Hi all, I hope this is correct place to ask.
I’m very absolutely new to scala. I use existing code written by another developer to fetch data from postgres database into dataframe.
%scala
import org.postgresql.Driver
import org.apache.spark.sql.DataFrame
val url1= [secret credentials]
val driver = "org.postgresql.Driver"
var sql_query = """ Select 1 as t1, 2 as t2 """
val df = spark.read
.format("jdbc")
.option("url", url1)
.option("query", sql_query)
.load()
df.createOrReplaceTempView("df")
It works fine as is, now I need to create user-defined function where input parameter would be sql query text (String) and output would be dataframe.
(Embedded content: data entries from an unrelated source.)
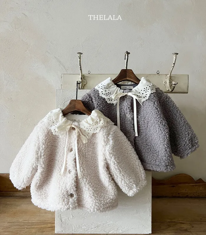 25'冬〡thelala〡絨毛緹花荷葉領排釦外套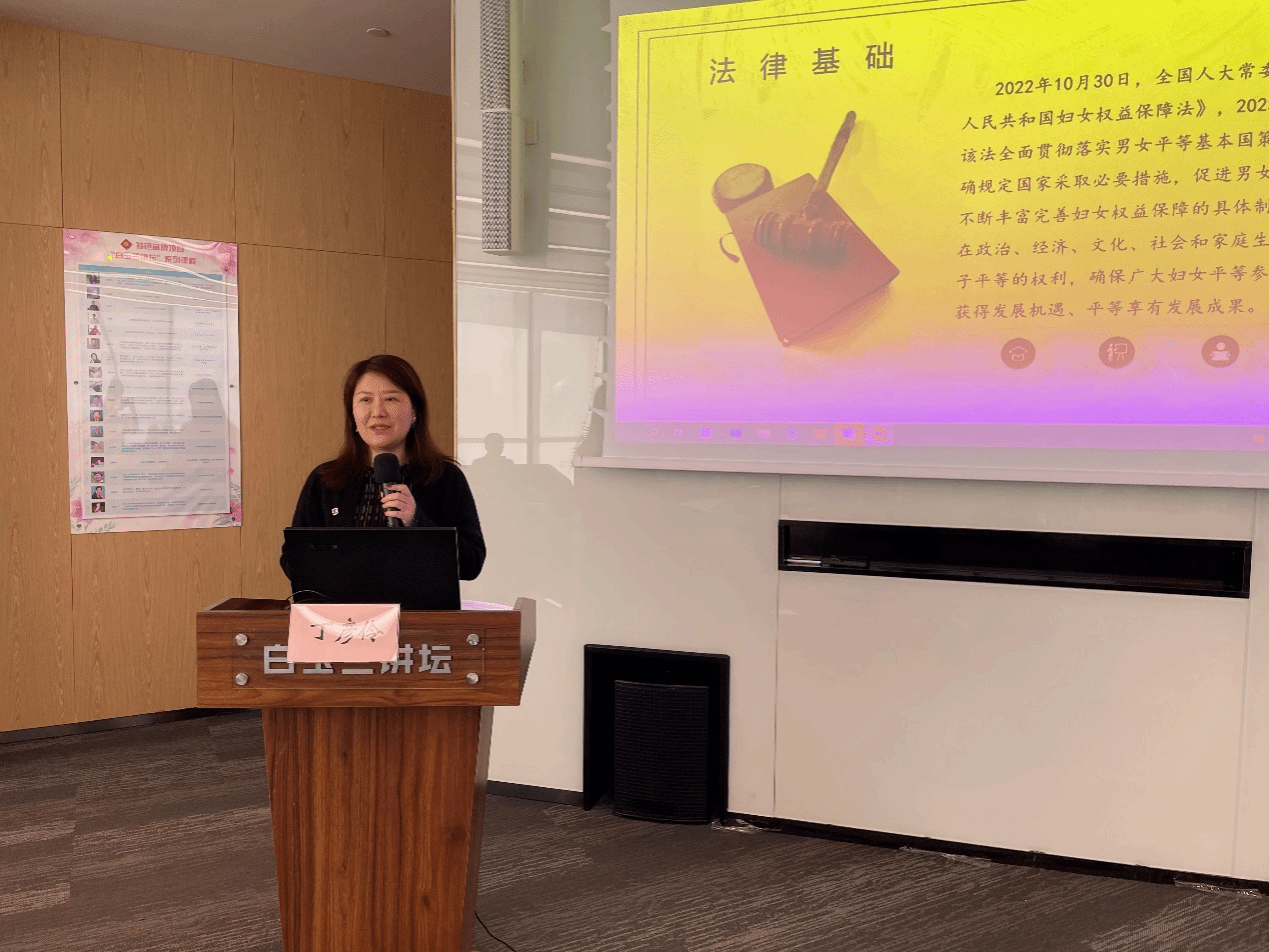 仪式后,304永利集团职业导师丁彦伶作了《法护妇女权益 共筑幸福家庭——上海市妇女权益保护条例解读》专题讲座。通过生动的案例讲解国家妇保法和上海妇保条例,进一步增强广大妇女儿童的法律观念和依法维权意识。
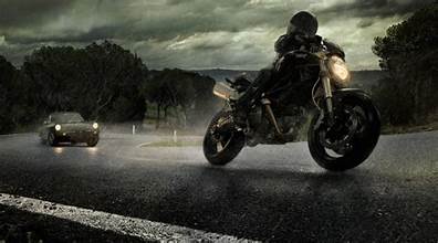 Rain unveils oils that create slippery, wet surfaces that reduce the traction on your tires. The first hour of a heavy rainstorm is the most dangerous time to ride, when the oils are raised to the surfaces of the road and have not yet been washed away. If it’s possible to stop for a quick break, now is the time. Wait the storm out or until the rain has thoroughly washed the road surface clean of oils and anything else that has been left behind prior to getting back on your bike. Once the rain has eased up, ride behind the vehicle’s tire tracks, as they have already propelled some of the water away and allow you the gain better traction.

I know how to do this in Python with pandas, but pandas doesn’t support processing with multiple instances, so I need to do this in scala instead.
How do I start?
Maybe someone could generously show how to implement function mentioned above or at least help in this direction?..
Please advise.
upd: found answer
%scala
import org.postgresql.Driver
import org.apache.spark.sql.DataFrame
def fn_monolith_to_scala_df(query: String) = {
val url1= dbutils.secrets.get("monolith", "dw_user_pass_scala_url")
val driver = "org.postgresql.Driver"
spark.read
.format("jdbc")
.option("url", url1)
.option("query", query)
.load()
}